Zilletli insanlar iki kısımdır. Birincisi zilletini kabul etmeyen insanlar ki, bu insanlara aşağılık kompleksi olan insanlar denir. İkincisi zilletini, küçüklüğünü kabullenmiş insanlardır ki, bü tür insanlara en güzel örnek de dilencilerdir (dilenmeyi meslek edinenler)veya televizyonlara kadar çıkıp, hayasızca, erkek olduğu halde homoseksüelliğini ifşa ve icra eden insanlardır. Bunlar kendilerini çok küçük görürler. Öyle ki, kaybedecek hiç bir şeyleri olmayacak kadar küçük...
Eğer bu küçüklüklerini kabullenmişlerse, bunlardan her türlü rezilliği, hayasızlığı, adiliği açıkça yapabilecek bir insan modeli ortaya çıkar. Yani bu insanın artık kendisine karşı saygısı kalmamıştır.
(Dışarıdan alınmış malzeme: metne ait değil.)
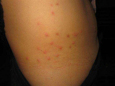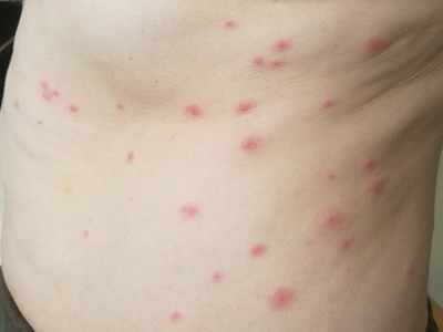 成人痒疹较常出现在腹部,皮损为米粒至绿豆大小的小红疙瘩,其质地较为坚实,呈半球形隆起,伴有明显的瘙痒感,患者抓挠后局部可因受损而留有皮肤色素沉着。
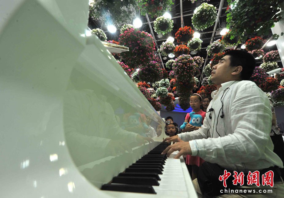 5月4日是上海世博會第四天,盲人鋼琴家孫巖在生命陽光館專設區域為眾多殘疾人和觀眾演奏,導盲犬靜臥在他的腳邊,這是世博會歷史上第一次為殘疾人設館。孫巖2005年獲得“日本橫濱第一屆國際殘疾人鋼琴比賽”金獎,他是中央音樂學院有史以來第一位盲人大學生和研究生。他的傾情演奏感動全場,掌聲連連。中新社發 賈國榮 攝
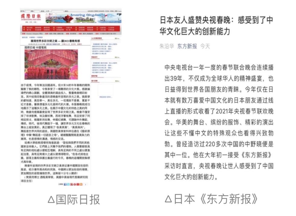境外多家华文媒体高度评价春晚盛况,美国《国际日报》 发表了题为《展示世界多彩文明之美——观2021春晚有感》 的文章表示,本届春晚在展示中国文化的特色之美的同时,向亿万观众呈现了世界多彩文明之美。日本《东方新报》 刊文表示,通过春晚日本友人感受到了中国文化巨大的创新能力及未来的无限可能。报道指出,当代中国对于优秀传统文化精粹的挖掘、继承、发展和传播所取得的成就令人瞩目。
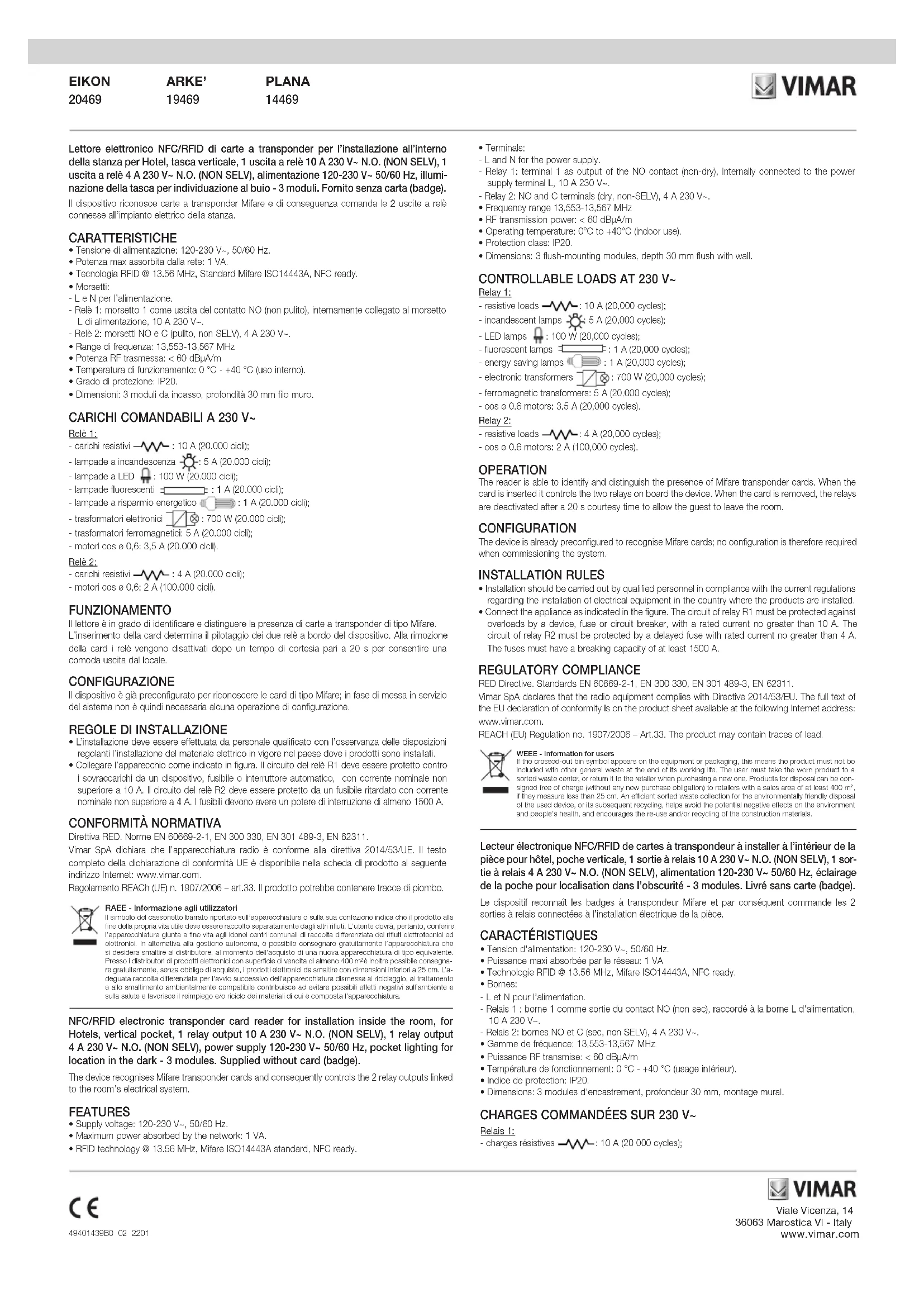 Retrouvez gratuitement la notice de l'appareil 14469.SL Vimar au format PDF.
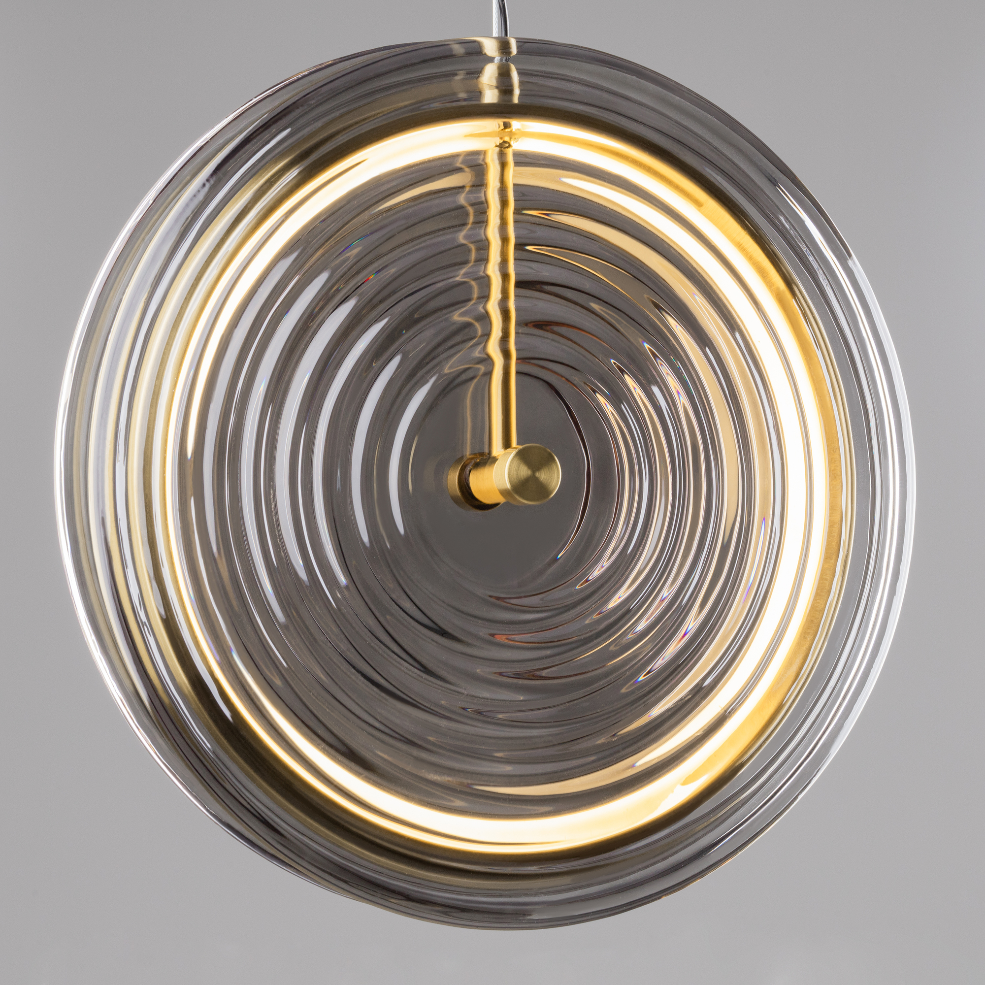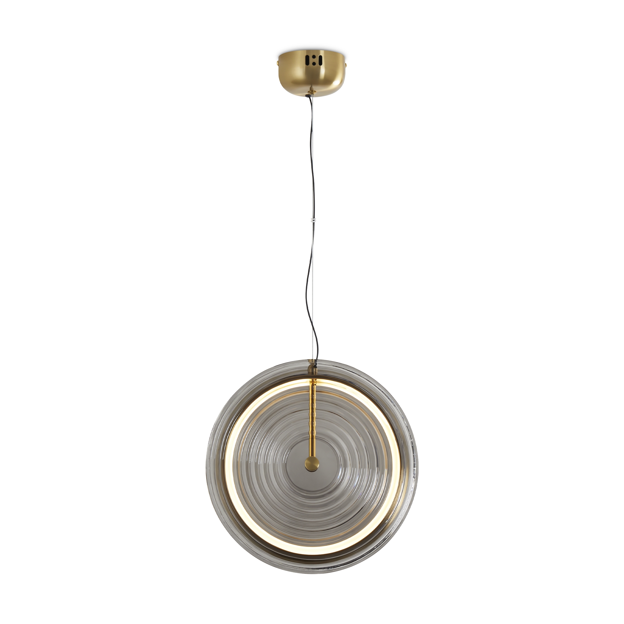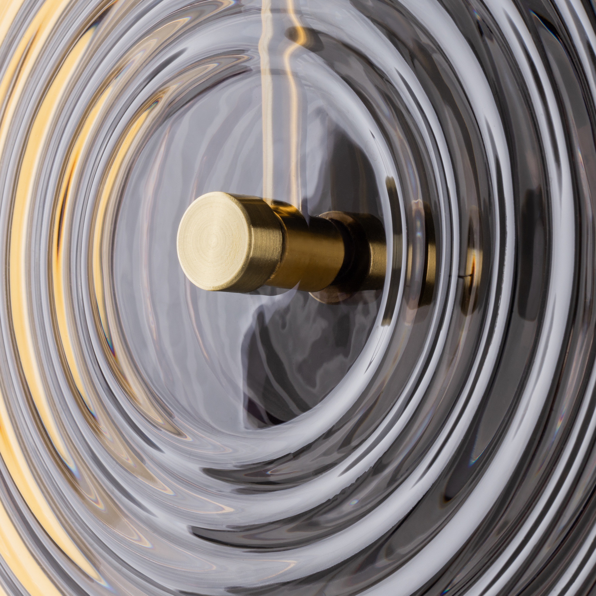 Арматура - металл. Цвет арматуры латунь. Плафоны из стекла в форме леденцов выполнены в четырех цветах: серый, зеленый, прозрачный и желто-оранжевый. Широкий спектр типов светильников: торшеры, настенные бра и подвесы. LED источник света. Цветовая температура 3000К.
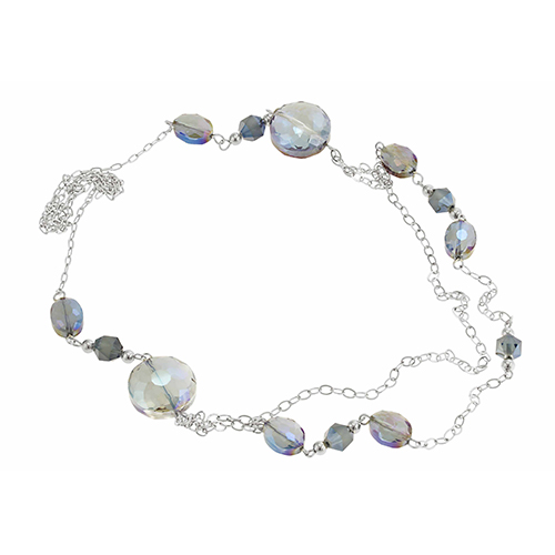 BLUE CRYSTAL: 16MM & 9X12MM CHAIN L=70CM

Yani kendisi yoktur... İnsan aslında bir ademdir, yoktur; ama insanın kendinde tamamen hiç bir varlık görmeyecek kadar bu zilleti aşırıya vardırması ifrattır. İnsan yine kendinden utanacak kadar kendine saygılı olmalıdır. Bu kadarcık varlık iddiası, haya ve iffet duygusudur. Bunun olmaması, hayanın kalkmasıdır... Aşırı varlık iddiası kibirdir. O da tefrittir. İkisinin ortasını bulmaksa, İslam'ın emrettiği, tasavvuf büyüklerinin ulaştığı tevazudur...
Mesela, insanın bazı günahları kendine yakıştırmaması, onun kendisine saygısının olduğunu gösterir, bu güzel bir duygudur ve asla yitirilmemelidir.
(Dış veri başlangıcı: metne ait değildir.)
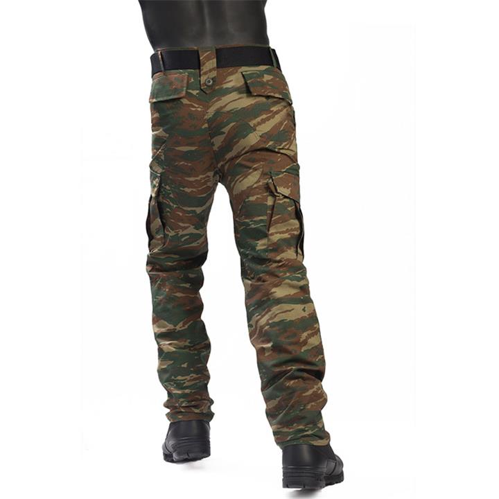 Έχει δύο τσέπες μπροστά δύο πίσω και 2 μεγάλες cargo στους μηρούς. Διπλή ενίσχυση στα γόνατα και στην περιοχή της έδρας. Ιμάντες σύσφιξης την μέση και το κάθε μπατζάκι έχει κορδόνι στο κάτω μέρος. Χρώμα, αντοχή, σχέδιο και ποιότητα προδιαγραφών Ε.Σ.
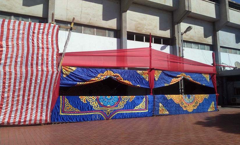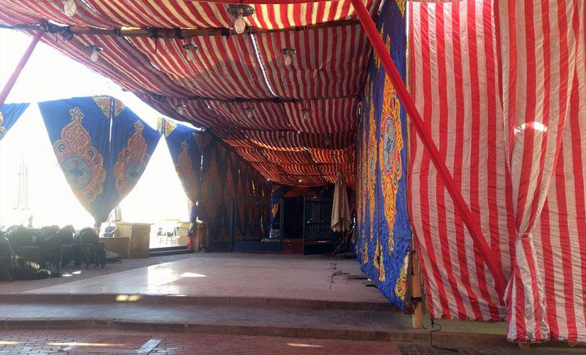 تم عمل كردون أمام الخيمة سوف يتواجد به المرشحين وفرق الدعاية الأخيرة قبل الدخول للتصويت،التصويت الذي سيكون داخل صناديق زجاجية.
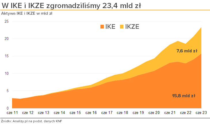 W pół roku wartość aktywów zgromadzonych na IKE wzrosła o 12% do 15,8 mld zł na koniec czerwca, a w IKZE - o 15% do 7,6 mld zł - wynika z najnowszych danych KNF. W największym stopniu aktywa wzrosły na kontach prowadzonych przez domy maklerskie.
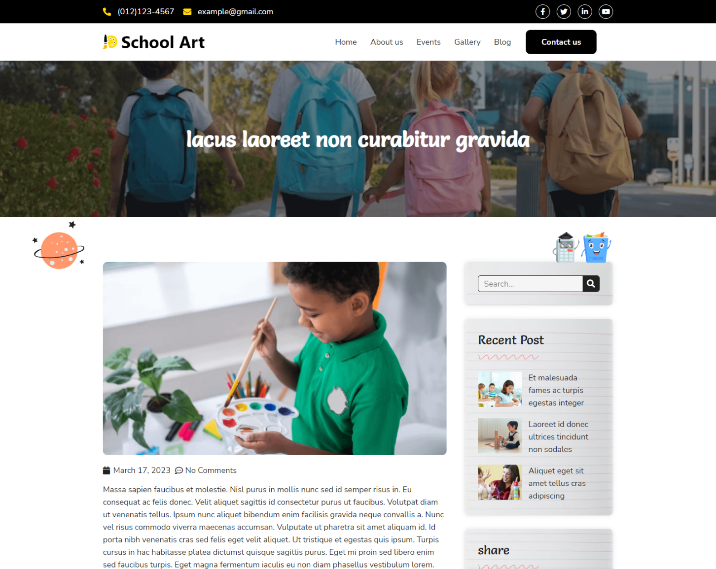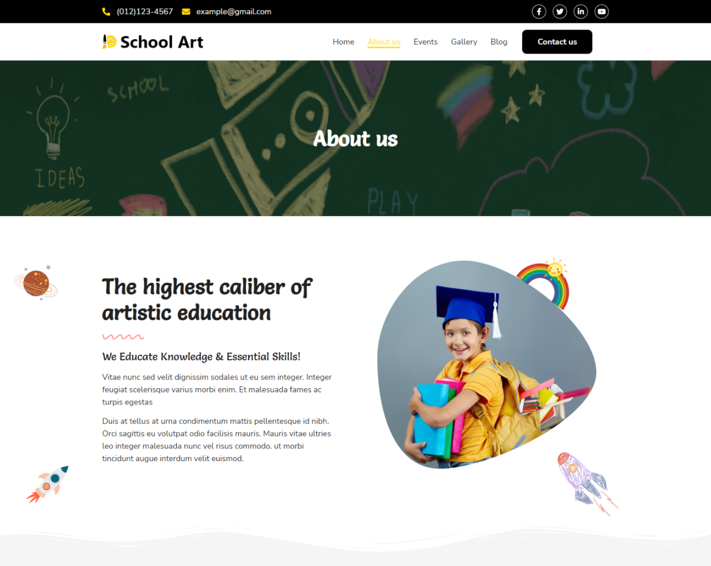 School Art - Nursery and Drawing School Web Elementor Template Kit is for art and painting classes. It's also helpful for schools and children play house to school. In this web template kit, you get a modern, funny, and amazing design. School Art has 8+ creative and emphasis page designs with 404 error and a coming soon page.

Zilletini kabullenmiş insanlar kompleksli insanlardır. Onları bu zillet rahatsız eder. Onu kabullenmemek için pasif veya aktif değişik tepkiler gösterirler. Dolayısıyla aşağılık kompleksinden kurtulmak için, kimi insanlar sosyalleşerek mücadele ederler; (ki o tür insanlara girgin kompleksli tabirini kullanırdı) kimileri de sosyalleşecek kadar cesur olamadıklarından toplumdan kendilerini soyutlayarak yalnızlaşırlar...
Toplumumuzda "içine kapanık" diye tarif edilen tipler bunlardır.